Firefox 57, released in November 2017, is the initial version with a Servo component enabled. Mozilla dubs this and several planned future releases "Firefox Quantum".

===Background===
In 2012, Mozilla began the experimental Servo project, which is an engine designed from scratch with the goals of improving concurrency and parallelism while also reducing memory safety vulnerabilities. Servo is written in the Rust programming language, also created by Mozilla, which is designed to generate compiled code with better memory safety, concurrency, and parallelism than compiled C++ code.

As of April 2016, Servo needed at least several years of development to become a full-featured browser engine, hence the decision to start the Quantum project to bring stable portions of Servo into Firefox. Mozilla laid off all Servo developers in August 2020.

===Components===
The Quantum project is composed of several sub-projects.

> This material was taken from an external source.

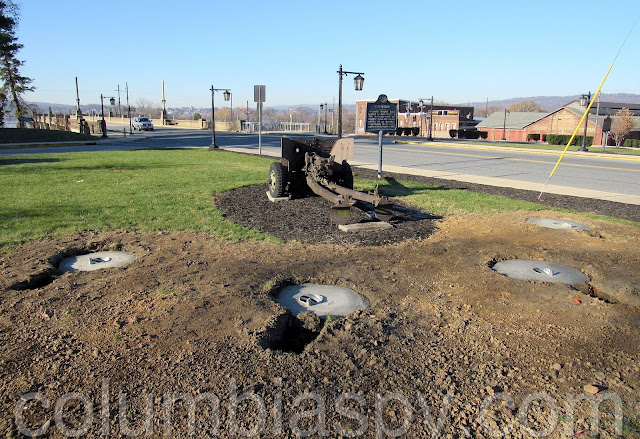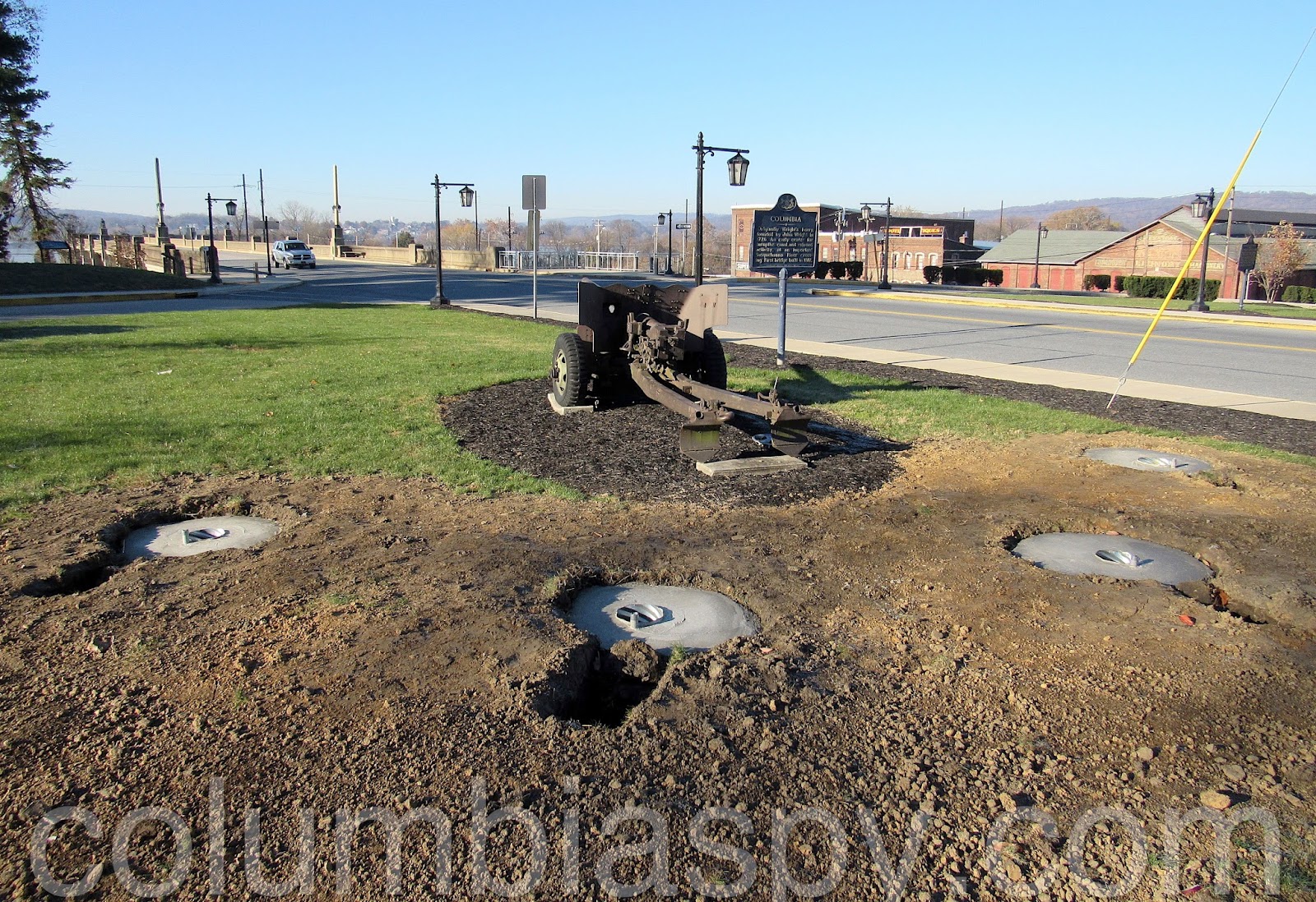 Meanwhile, down at the bridge, foundation sleeves – four on each side of the plaza (north and south) – have been placed in preparation for flagpole installation.

- CSS: Servo's parallel style sheet system integrated into Gecko. Benchmarks suggest that performance scales linearly with number of CPU cores. This was released in Firefox 57.
- Render: Servo's rendering architecture, called WebRender, integrated into Gecko in 2019, 2 years after the first Firefox Quantum release, Firefox 67. WebRender replaces the immediate mode drawing model with a retained mode model that is more easily accelerated by the GPU by taking advantage of CSS/DOM's similarity to a scene graph. Worst-case scenario rendering in testing exceeds 60 frames per second. Mozilla began enabling the new renderer for select hardware/OS combinations in Firefox 67.
- Compositor: Gecko's existing compositor moved to its own process, isolating browser tabs from graphics driver related crashes. Since compositor crashes will not bring down the browser content process, the compositor process can be restarted transparently without losing user data. This was released in Firefox 53.
- DOM: Loosely inspired by Servo's Constellation architecture and Opera's Presto engine, Quantum DOM uses cooperatively scheduled threads within the DOM to increase responsiveness without increasing the number of processes and, thus, memory usage. The core of this shipped in Firefox 57.
- Flow: An umbrella for user visible performance improvements driven by a team that works across Gecko components. Focused on real user performance improvements on major webapps, primarily G Suite (now called Google Workspace) and Facebook. This work completed and shipped for Firefox 57.
- Photon: A UI refresh of the entire application, with a strong focus on improving UI performance. Treated as a sister project to Quantum Flow. This was released in Firefox 57.
- Network: Improve the performance of Necko, Gecko's networking layer, by moving more network activity off the main thread, context dependent prioritization of networking streams, and racing the cache layer with the network. This feature was released in Firefox 59.

== Azure ==
The Mozilla Azure project is a stateless low-level graphics abstraction API used in Firefox.

The project has several objectives including:
- more accurate Direct2D compatibility
- optimized state interoperability
- improved control over performance characteristics and bugs
Azure will provide 2D hardware acceleration on top of 3D graphics backends. Firefox began using Azure instead of Cairo in 2012. It is written in C++ and used by Servo. The Azure name is an ode to the early Netscape founder James H. Clark and his earlier work at Silicon Graphics where workstations were often named after colors.